Она выжидательно смотрела на Жуаниту, но та уже утратила интерес к этому вопросу и, усевшись поглубже в кресло, со сладким чувством приготовилась вернуться в мыслях к предмету, несравненно более для нее захватывающему.
Жуанита любила свою мать, всегда кроткую и печальную, всегда так бесконечно добрую к ней. Но девушке было тесно в тех рамках, в какие заключила свою внутреннюю жизнь Мария Эспиноза.
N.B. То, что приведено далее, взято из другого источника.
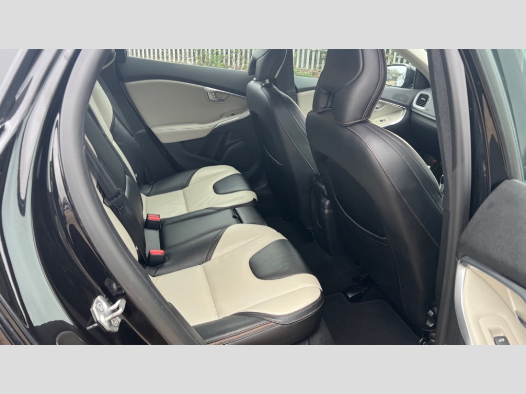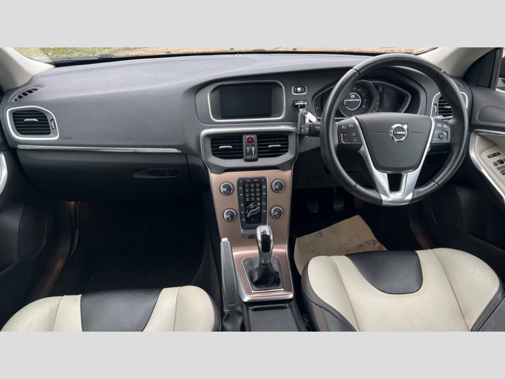 Volvo V40 D4 [190] Cross Country Nav Plus 5dr Bluetooth hands free telephone kit, Intelligent driver information system (IDIS), Sensus navigation system, Service interval indicator, Speed limiter, Speed sensitive steering, Diesel particulate filter, Dynamic chassis, DAB Digital radio, Steering wheel audio controls, Adaptive brake lights, Automatic folding door mirrors with ground lights, Body colour bumpers, Body colour door handles, Body styling kit, Dual exhaust pipes, Electrically adjustable and heated door mirrors, Front and rear electric windows, Front skid plate, Gloss black door mirrors, Headlamp levelling, Home safe and approach lighting, LED daytime running lights, LED Headlights, Rear diffuser, Rear wiper, Roof spoiler, Side Scuff Plates, Silver roof rails, 12V socket in front + rear tunnel console, 5 headrests, 60/40 split folding rear seat, Blond headlining, Electronic climate control (ECC), Floor mats, Footwell lights, Front centre armrest, Front cupholders, Front reading lights, Front storage box, Height adjustable drivers seat with lumbar support, Height/reach adjustable steering column, Illuminated driver/passenger vanity mirrors, Isofix attachments on outer rear seats, Leather steering wheel with chrome inserts, Load cover, Lockable glovebox, Pollen filter, Rear armrest with cupholder, Theatre dimming interior lights, Ticket holder, WHIPS - Whiplash Protection System, 5 x 3 point seatbelts, ABS+EBA, City safety braking system, Drivers knee airbag, DSTC-Dynamic Stability and Traction Control, Dual stage driver's airbag, Dual stage passenger airbag, Front/rear seatbelt pre-tensioners, Hill start assist, Passenger airbag cut-off device, Side airbags, Side curtain airbags, Tyre pressure monitor, Warning triangle, Anti-theft alarm including immobiliser/volume sensor + level sensor, Deadlocking system, Key integrated remote control central locking, Locking wheel nuts

Любовно жалея мать, пытаясь рассеять ее опасения, тревоги, волнения, она ничуть их не разделяла, инстинктивно понимая, что, тогда как люди, подобные сеньоре, при первом настоящем горе оказываются сломленными на всю жизнь, другие умеют нести его, не сгибаясь.
Разговор оборвался. Сеньора вернулась к своему пасьянсу, Жуанита свернулась клубочком в большом кресле, и скоро книга соскользнула на пол, а мысли снова унесли ее к встрече на берегу. Она улыбнулась с мечтательным выражением. Мир, в котором существует большой, сильный, улыбающийся Кент Фергюсон, казался ей безмерно прекрасным.
Ветер выл по-прежнему, сучья деревьев стучали о крышу, хлопали ставни. Когда весь этот шум утихал, слышался ровный, глухой шум морского прибоя.
Внезапно, хотя вокруг нее в комнате ничего не изменилось, какое-то жуткое чувство сжало сердце Жуаниты. Острое, леденящее ощущение ужаса, словно парализовавшее ее всю.
– Что это?! – спрашивала она себя, застыв в кресле, обливаясь холодным потом. Да, теперь она ясно ощущает, что кто-то наблюдает за ней, кто-то из темноты этой бурной ночи за окном смотрит на ее мать и на нее. Но кто? И зачем? Старое ранчо – слабая приманка для грабителей. В течение двухсот лет здесь никогда не запирали дверей и окон.
Кричать бесполезно… Испанские и мексиканские слуги давно ушли в свои хижины. Во всем доме не было никого, кроме них, двух беспомощных женщин.
Пока эти мысли проносились в голове Жуаниты, она продолжала сидеть, не решаясь поднять глаза, трепеща, как кролик в западне. Что делать? Она подумала о телефоне, находившемся в передней, в двадцати футах от нее. Но новый припадок страха заставил ее замереть. Она уже видела, как ее хватают в ту минуту, когда она взывает по телефону о помощи, видела и мать, связанной, с заткнутым ртом, умирающую от потрясения.
Такие вещи случались на отдаленных фермах, она наслушалась рассказов о них от слуг в зимние вечера. О сеньоре Лопец, связанной на своем брачном ложе и слышавшей, как все ближе и ближе стучат копыта лошади, на которой ехал ее муж, ничего не подозревая, навстречу смерти. Она слышала, как он подъехал, как поднимался по лестнице в ее комнату – и не могла предупредить его криком. И видела, как его убивали… О мальчике Монгомери, который, проходя мимо окна кухни, перегнулся через подоконник, чтобы поздороваться с матерью, крикнул весело: «Я принес деньги», и вдруг таинственно исчез, а через минуту его нашли убитым и ограбленным между окном и кухонной дверью.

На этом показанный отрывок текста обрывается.